Anjana is a 29 km long moribund river in the Bhagirathi-Hooghly basin. The river is simultaneously a distributary of the Jalangi river and a tributary of the Churni river. The Anjana River originates from the Jalangi river at Ruipukur Mauza near Krishnanagar. The river reaches Dogachi after crossing 7 km in Krishnanagar town. Krishnanagar city's Cathedral Church, Shaktinagar Hospital and Raja Krishnachandra's Rajbari are located on the banks of the river. The Anjana River covers a course of 11 km from its source to Hat Boalia. The river divides into two tributaries near Hat Boalia.

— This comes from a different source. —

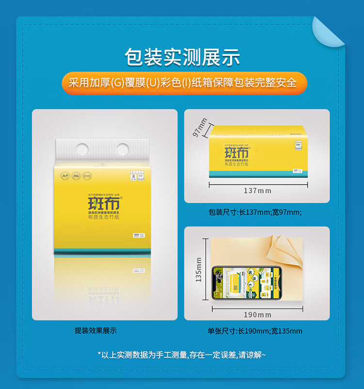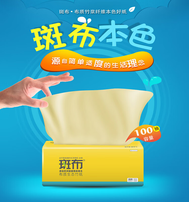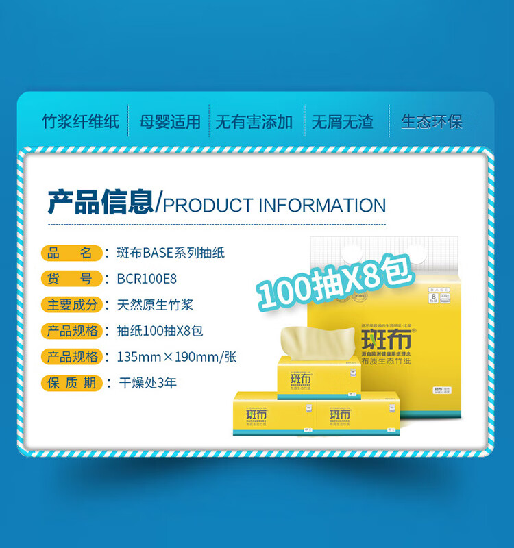 斑布软抽 抽纸纸巾3层8包*100抽/提

The main stream flows southward, crosses Joypur village and Jalalkhali and Jalkar Patuli, and reaches Badkulla town. Flowing at the western end of Badkulla town, it turns eastwards and enters Badkulla town. The river flows southeast from Badkulla town. It crosses the Chandanpukur and joins the Churni river near Byaspur Mauza.

Another part is known as Hele khal, which is 13 km long. It passes through Hat Boalia to Jatrapur, Joypur, Gobindpur and Itaberia, and joins the Churni river near Hanskhali.

==Geography and drainage basin==
The Anjana river basin covers an area of 89.54 km2, which is a river basin between the Jalangi and the Churni River. The entire basin belongs to Nadia district. The basin extends to Joypur in the east and Jalalkhali in the west, Byaspur in the south, Hanshkhali, Gobindpur and Itaberia in the east and Ruipukur in the north. The slope of river basin is observed from northwest to southeast.

32.27 percent area of the basin is located at 9–12 meters above sea level. Anjana river flows at an altitude of more than 16 meters above sea level in Krishnanagar city and Badkulla area, which is the highest basin area of the river basin. The lowest area of the basin is less than 9 meters above sea level.

The Anjana river is 29 km long, with an average depth of 3.92 m. The maximum and minimum depth of the river is 6.08 and 0.75 m respectively. Maximum depth is observed in rural areas and minimum depth in urban areas. The river's maximum width is seen south of Purba Badkulla, 22 km (14 m) downstream from its source, where the river is 155 m wide.

==Geology==
The entire river basin is part of the Ganges Delta. This delta was formed as part of the Bengal basin. The Anjana river basin area is mainly composed of alluvium deposited by the Ganges-Bhagirathi-Hooghly river system. The subterranean bedrock of the entire river basin is composed of the Ranaghat Formation. Sandstone, limestone and shale are observed in Ranaghat Formation.
==Popular culture==
- Anjana river was referred in a poem of Sahaj Path, by Rabindranath Tagore.
- The name was noted in Ek Gaye, another poem of Rabindranath
- Poet Kazi Nazrul Islam mentioned the name of Anjana river in his song Nadir Naam Soi Anjana.
- The river was referred in a play of Bidhayak Bhattacharya named Tahar Naamti Ranjana.